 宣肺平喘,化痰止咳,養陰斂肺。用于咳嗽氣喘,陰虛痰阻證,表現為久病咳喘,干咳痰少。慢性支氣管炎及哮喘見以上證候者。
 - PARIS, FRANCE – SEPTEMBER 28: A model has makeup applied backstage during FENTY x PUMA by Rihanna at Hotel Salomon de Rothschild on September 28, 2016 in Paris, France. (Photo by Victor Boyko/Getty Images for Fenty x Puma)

---

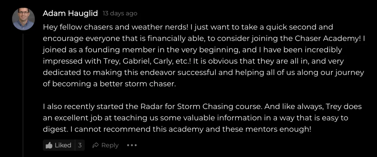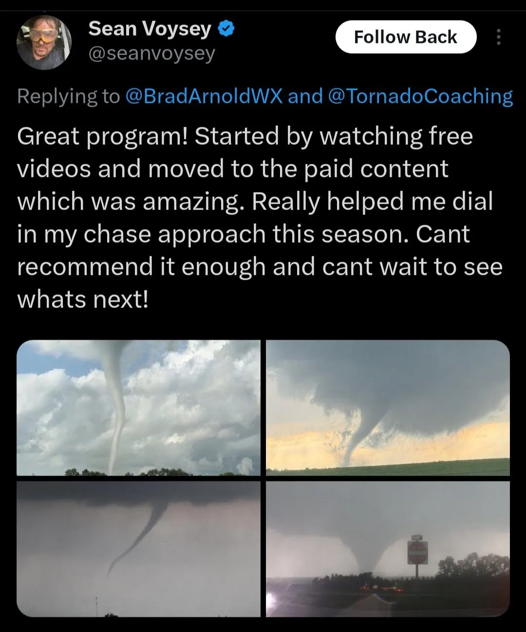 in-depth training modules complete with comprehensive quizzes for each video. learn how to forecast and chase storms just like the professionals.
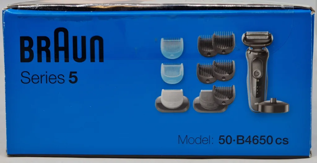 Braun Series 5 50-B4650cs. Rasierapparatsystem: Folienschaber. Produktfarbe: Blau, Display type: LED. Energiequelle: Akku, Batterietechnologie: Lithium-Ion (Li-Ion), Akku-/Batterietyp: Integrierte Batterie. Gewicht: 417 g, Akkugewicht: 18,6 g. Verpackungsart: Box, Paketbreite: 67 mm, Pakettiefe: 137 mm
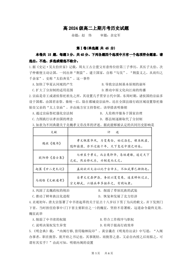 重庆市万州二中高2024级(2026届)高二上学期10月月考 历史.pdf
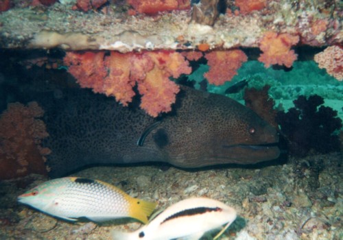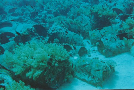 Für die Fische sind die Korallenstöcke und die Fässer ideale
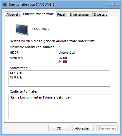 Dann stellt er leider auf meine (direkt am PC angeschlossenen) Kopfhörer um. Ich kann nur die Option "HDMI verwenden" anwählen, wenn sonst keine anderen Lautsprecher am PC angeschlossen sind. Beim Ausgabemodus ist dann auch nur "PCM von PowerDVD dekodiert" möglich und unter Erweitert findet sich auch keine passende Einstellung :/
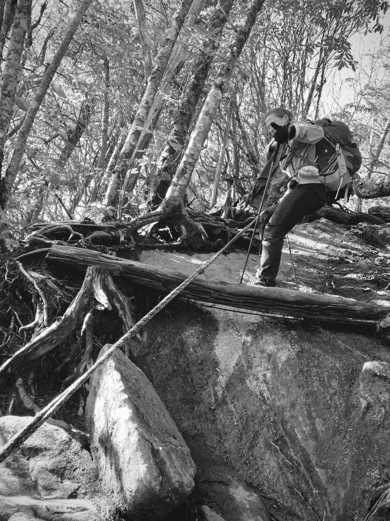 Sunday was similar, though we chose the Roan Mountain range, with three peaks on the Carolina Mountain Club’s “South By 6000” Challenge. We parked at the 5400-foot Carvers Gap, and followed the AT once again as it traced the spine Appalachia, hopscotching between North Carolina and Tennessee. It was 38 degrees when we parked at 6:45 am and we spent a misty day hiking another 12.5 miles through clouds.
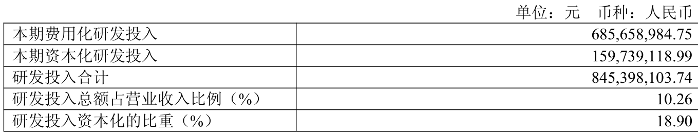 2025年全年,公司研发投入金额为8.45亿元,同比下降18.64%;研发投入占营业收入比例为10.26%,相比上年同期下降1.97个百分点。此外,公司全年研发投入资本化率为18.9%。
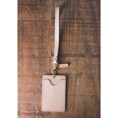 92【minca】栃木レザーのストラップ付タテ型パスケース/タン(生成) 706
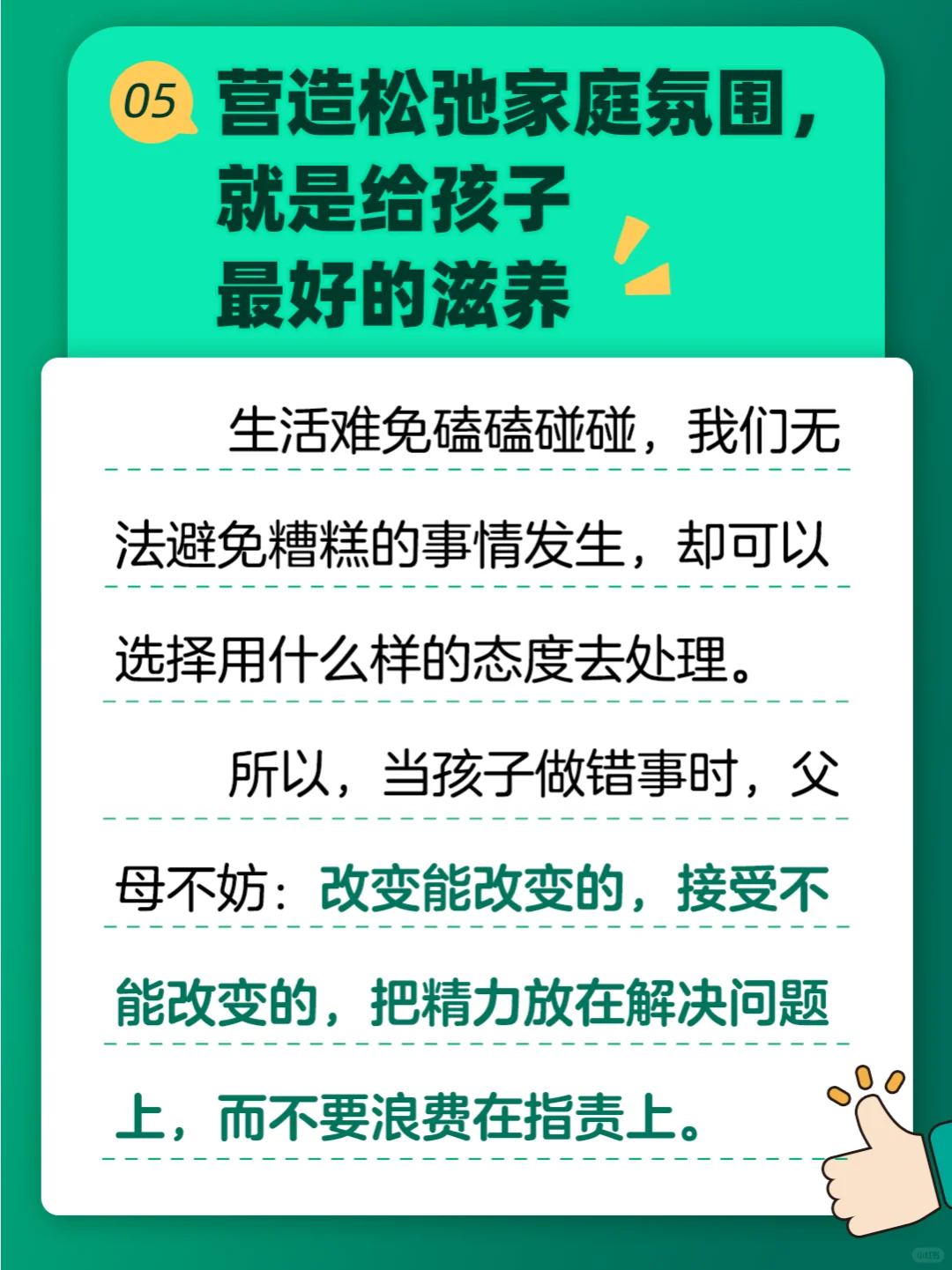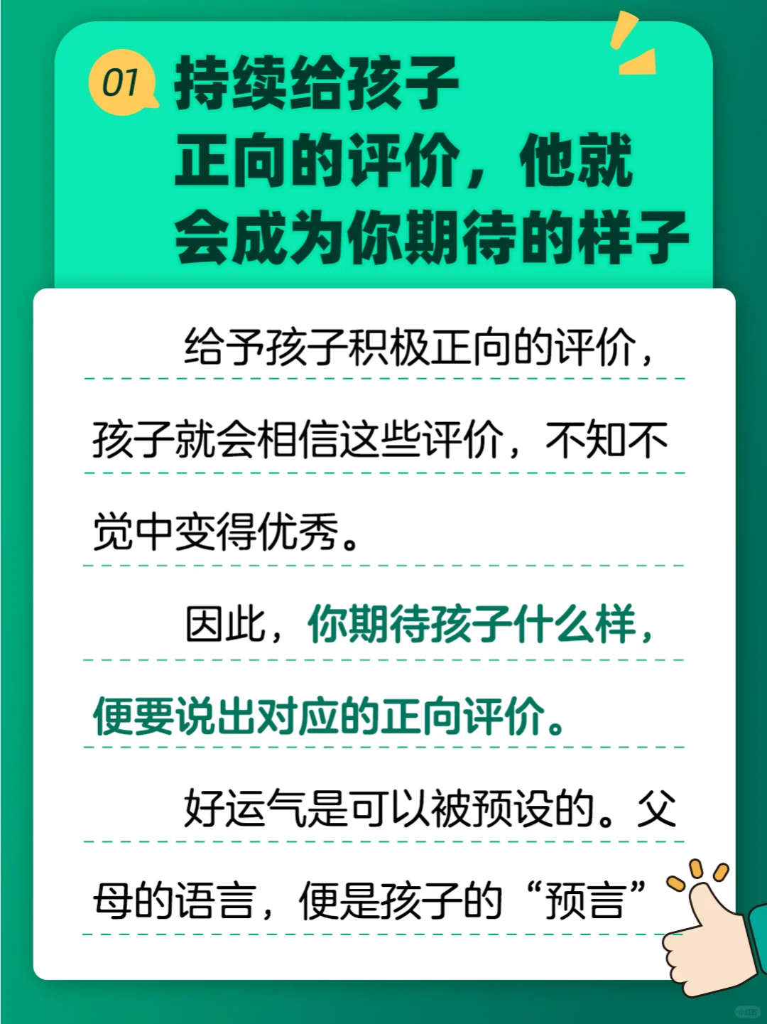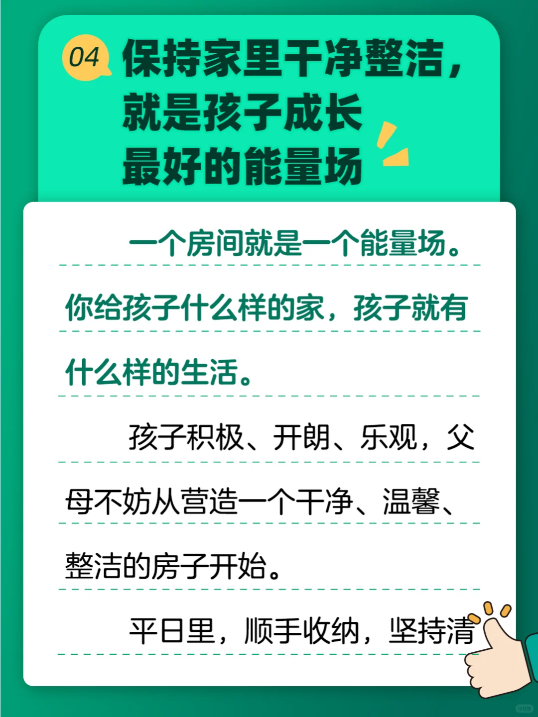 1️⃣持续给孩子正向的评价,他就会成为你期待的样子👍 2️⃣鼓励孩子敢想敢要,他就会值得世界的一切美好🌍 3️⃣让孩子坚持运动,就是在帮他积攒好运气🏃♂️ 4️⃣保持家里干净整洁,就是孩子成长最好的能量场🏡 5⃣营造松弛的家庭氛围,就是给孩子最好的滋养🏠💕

...

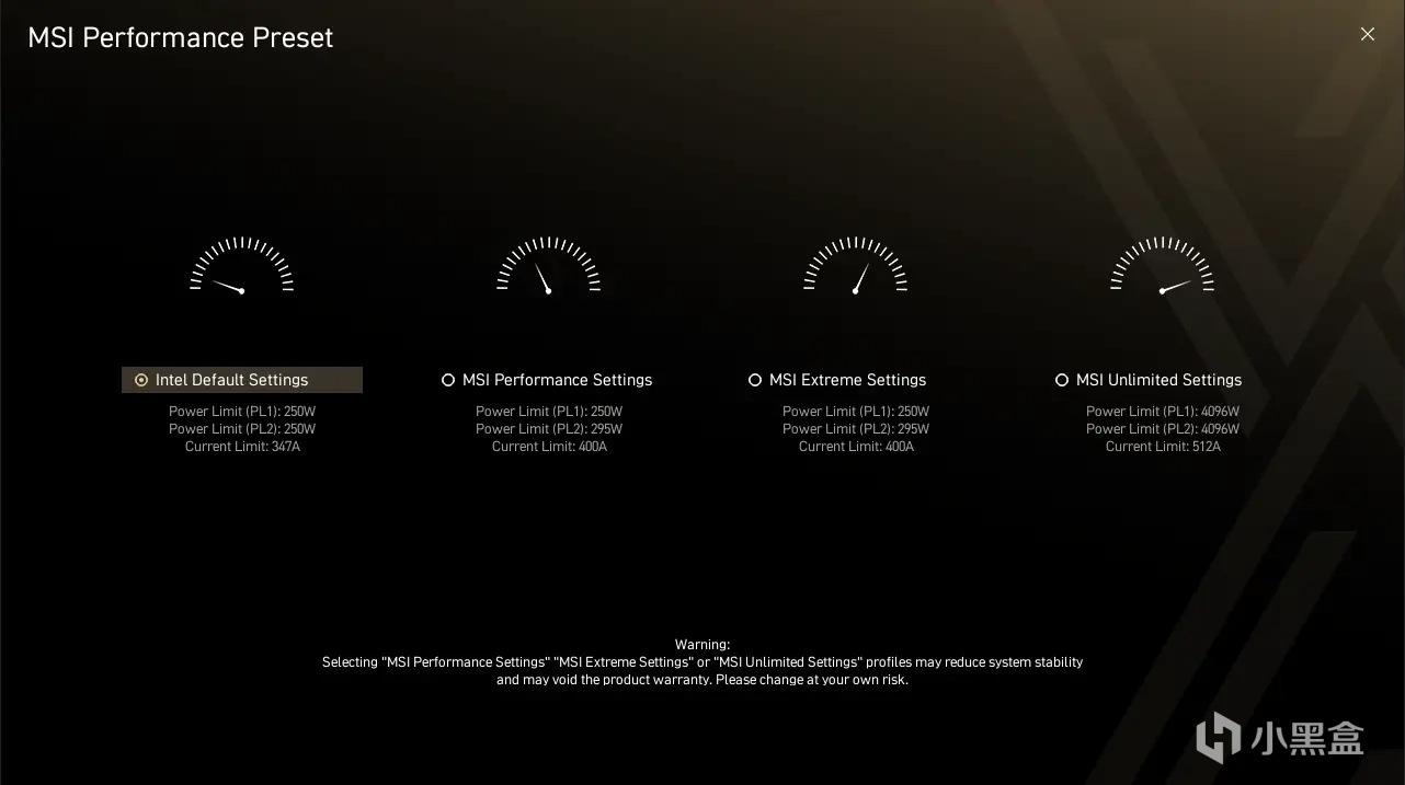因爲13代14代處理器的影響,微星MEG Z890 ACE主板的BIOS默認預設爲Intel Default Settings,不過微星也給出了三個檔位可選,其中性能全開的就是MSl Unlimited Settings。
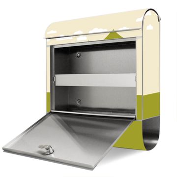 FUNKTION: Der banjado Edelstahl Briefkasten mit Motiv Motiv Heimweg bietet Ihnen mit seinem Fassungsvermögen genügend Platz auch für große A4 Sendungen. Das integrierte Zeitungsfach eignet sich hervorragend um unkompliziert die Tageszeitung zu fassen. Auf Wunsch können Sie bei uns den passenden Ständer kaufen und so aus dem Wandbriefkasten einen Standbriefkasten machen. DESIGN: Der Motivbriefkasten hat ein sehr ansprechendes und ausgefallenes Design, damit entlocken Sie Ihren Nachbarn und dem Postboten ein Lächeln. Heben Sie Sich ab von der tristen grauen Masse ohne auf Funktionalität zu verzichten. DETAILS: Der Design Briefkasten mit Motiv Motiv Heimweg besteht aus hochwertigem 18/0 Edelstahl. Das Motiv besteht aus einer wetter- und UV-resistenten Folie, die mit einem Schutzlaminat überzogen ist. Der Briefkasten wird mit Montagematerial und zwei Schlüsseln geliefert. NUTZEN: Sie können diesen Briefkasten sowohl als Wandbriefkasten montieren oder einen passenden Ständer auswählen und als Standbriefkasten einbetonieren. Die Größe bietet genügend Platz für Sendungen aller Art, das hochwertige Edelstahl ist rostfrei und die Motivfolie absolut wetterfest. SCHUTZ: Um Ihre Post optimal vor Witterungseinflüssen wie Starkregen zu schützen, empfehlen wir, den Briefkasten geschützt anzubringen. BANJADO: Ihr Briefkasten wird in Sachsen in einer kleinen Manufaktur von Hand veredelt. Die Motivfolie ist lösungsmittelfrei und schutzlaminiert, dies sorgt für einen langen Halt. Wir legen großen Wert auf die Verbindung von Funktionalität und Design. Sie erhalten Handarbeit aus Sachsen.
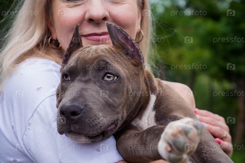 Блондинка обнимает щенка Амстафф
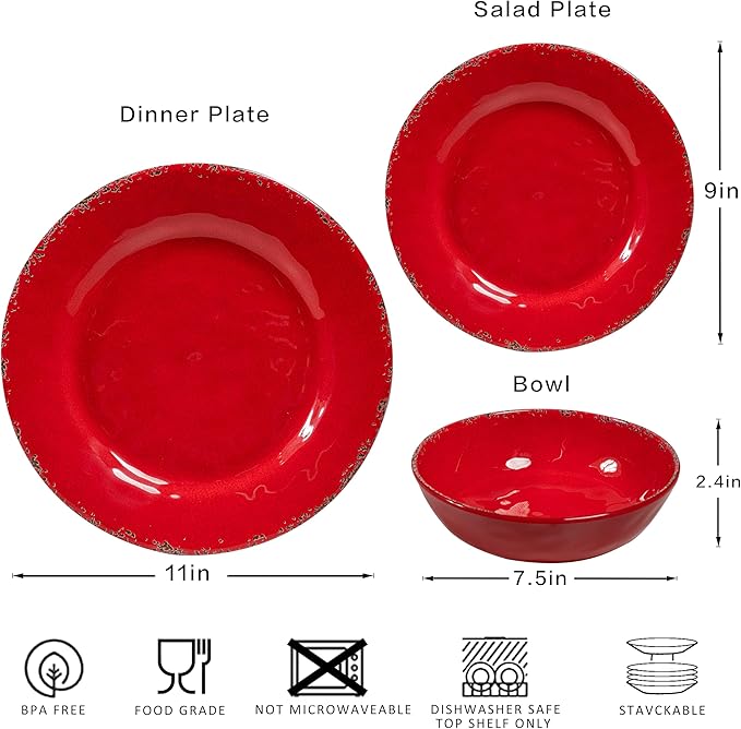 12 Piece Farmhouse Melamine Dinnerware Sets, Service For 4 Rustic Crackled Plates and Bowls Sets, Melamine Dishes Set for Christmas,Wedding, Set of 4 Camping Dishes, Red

#### [EXERCISE DESCRIPTION]
Scan the listing above for the line that has "宣肺平喘,化痰止咳,養陰斂肺", then copy exactly from that line through the line that has "- PARIS, FRANCE".

#### [ANSWER TO THE EXERCISE]
 宣肺平喘,化痰止咳,養陰斂肺。用于咳嗽氣喘,陰虛痰阻證,表現為久病咳喘,干咳痰少。慢性支氣管炎及哮喘見以上證候者。
 - PARIS, FRANCE – SEPTEMBER 28: A model has makeup applied backstage during FENTY x PUMA by Rihanna at Hotel Salomon de Rothschild on September 28, 2016 in Paris, France. (Photo by Victor Boyko/Getty Images for Fenty x Puma)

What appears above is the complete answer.